Los Angeles Times Article – July 8th, 2017

“There are many reasons people may be barred from entering the state of Israel. If they present a risk of criminal or terrorist activity, for instance. If they tell lies at the border or don’t cooperate with border officials. If they’re suspected of trying to immigrate illegally.

But now Israel has added a new rule — to implement a noxious law passed by the Knesset in March — requiring border authorities to refuse entry also to people who have publicly supported a boycott of the country. These visitors would be turned away not because they are suspected of a crime or pose a security risk, but because they have expressed an opinion in favor of a nonviolent protest movement that is unpopular in the country.

Frankly, this is not an attempt to combat anti-Semitism, as some claim, nor will it end what the law’s backers call the “delegitimization” of the Jewish state. It is, rather, an attack on freedom of expression and on political dissent. It is a disappointing step backward for a country that routinely boasts of its robust democracy and presents itself up as a bastion of freedom in an unfree part of the world.

Truly free countries tolerate peaceful dissent.

The law was passed to battle the growing boycott, divestment and sanctions movement. The loosely organized BDS movement, begun more than a decade ago and modeled on the international boycott campaign that targeted South Africa under apartheid, calls on people and companies to boycott Israel until it ends its occupation of “all Arab lands,” tears down its border barrier separating Israelis from Palestinians, ensures equal legal rights for Arab citizens and acknowledges the right of Palestinian refugees to return to the former homes of their families in Israel.

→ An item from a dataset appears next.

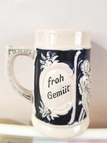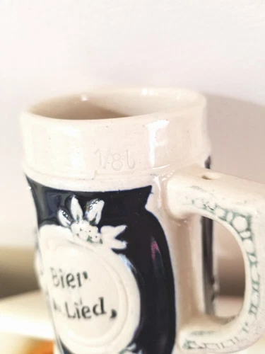 Vintage German 1/8L small ceramic decorative beer mug with festive painting. Made in Germany. Measures 1/8L. Stamped with '6' on the underside and '1/8L' on the side. In great condition with no evident damage. Feel free to message if you have any questions!

Some supporters of BDS accept the “two-state solution” in which a secure Israel and an independent Palestine would exist side by side; others don’t. Over time, alternative boycott calls have emerged: Some critics of Israel’s policies, for instance, call for a boycott only of goods produced in Israeli settlements; others would target all Israeli goods. The new law does not distinguish between the two.

It is not entirely clear whether the government intends to keep out only leaders of the BDS movement or whether the law could be applied equally to, say, a college student who has posted a pro-boycott message on Facebook. According to the newspaper Haaretz, Strategic Affairs Minister Gilad Erdan wants to set up a database of Israeli citizens who promote or support BDS; the government already has created an “intelligence unit” to gather information on BDS activists from abroad, the newspaper reported.

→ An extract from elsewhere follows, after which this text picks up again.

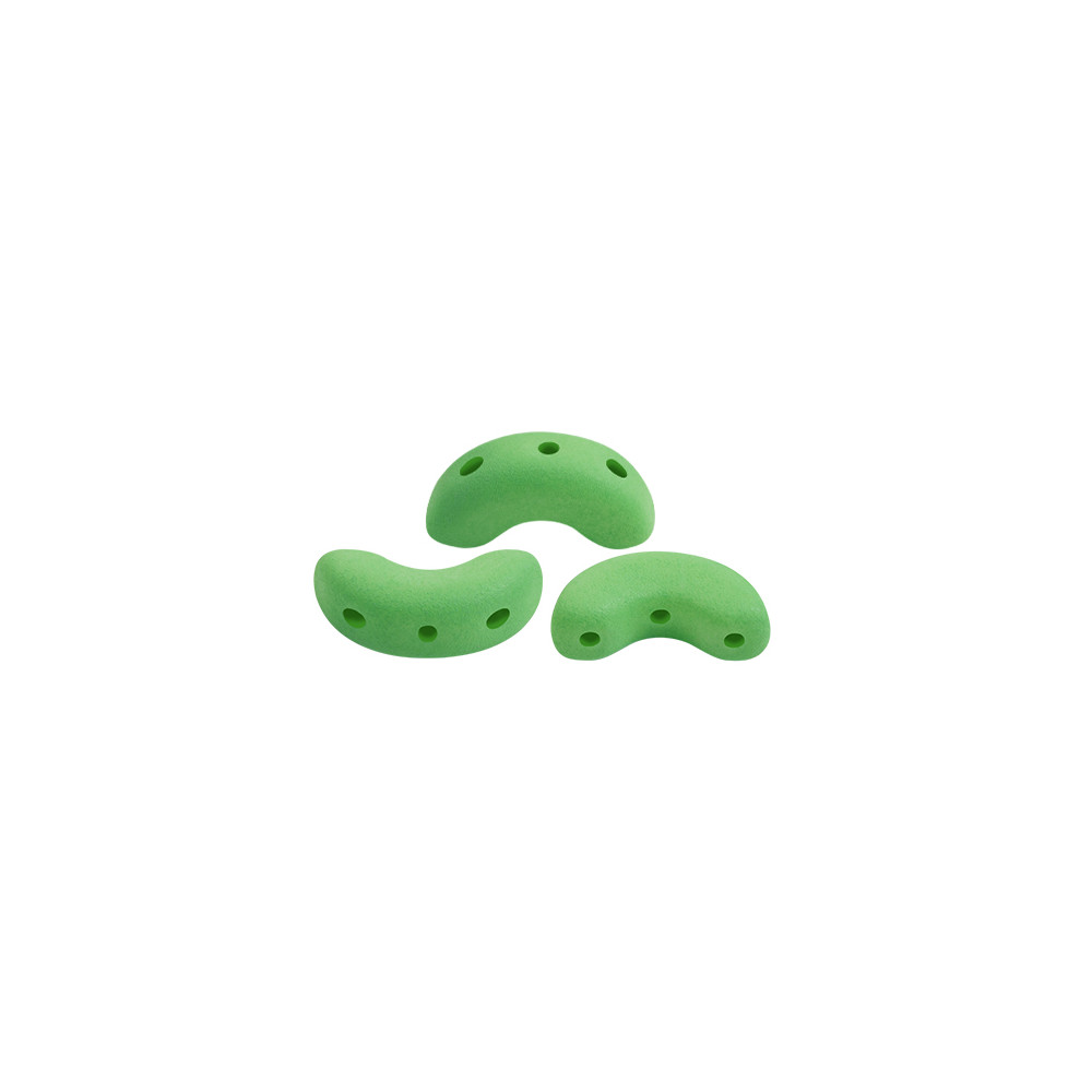 Tvar elegantního oblouku o velikosti 5 x 10 mm se třemi průvleky o průměru 0,8 mm umožňuje vytvářet složité krajkové vzory a prostorové objekty, které s běžnými korálky nejsou možné. Díky preciznímu zpracování a promyšlené geometrii Arcos® jako obloukové rámování Cabochon® par Puca® otevírá dveře k nekonečným variacím symetrických šperků.

Refusing entry to the country’s critics isn’t unprecedented; Israel has turned away travelers for political reasons in the past, including denying a visa earlier this year to a researcher from Human Rights Watch. It has also restricted the foreign travel of Omar Barghouti, one of the founders of the BDS movement.

Some other governments have rallied to support Israel. In France, for instance, an appeals court upheld “hate crime” convictions for several supporters of BDS. In the U.S., a number of states have enacted laws barring their agencies from doing business with companies or individuals that endorse boycotts against Israel.

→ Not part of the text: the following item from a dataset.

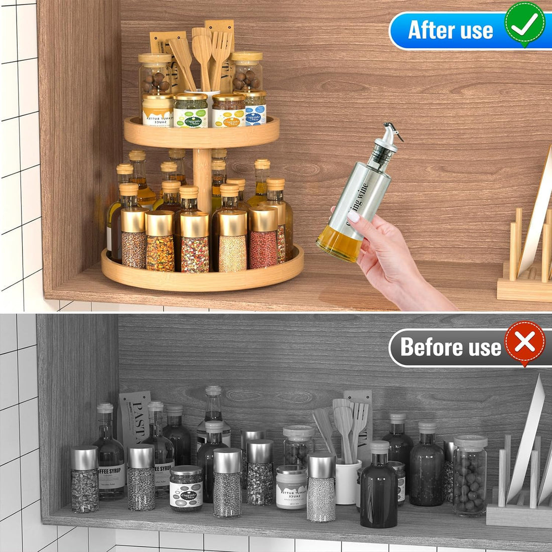 Transformez votre cuisine en un espace ordonné et harmonieux grâce à cette étagère rotative multifonctionnelle en bambou naturel. Conçue pour offrir un accès rapide et une visibilité totale, elle combine praticité, design et durabilité.

This page has never called for a boycott, divestment or sanctions against Israel and has been consistent for decades in supporting a two-state solution. But whether one agrees with the goals of BDS or not, the fact remains that boycotts are a form of speech, a classic tool of peaceful political expression.

Israel, a country that has faced more than its share of wars, terrorism and other violent threats, has over the years built a strong democracy marked by vigorous debate and a tolerance of alternative points of view, at least for its own citizens inside its own borders. It should not backslide.

Truly free countries tolerate peaceful dissent. The 50-year occupation of the Palestinian territories seized during the Six-Day War has gone on for too long and must eventually be brought to an end. For Israeli authorities to demonize — or exclude — those who publicly oppose it is a terrible mistake.”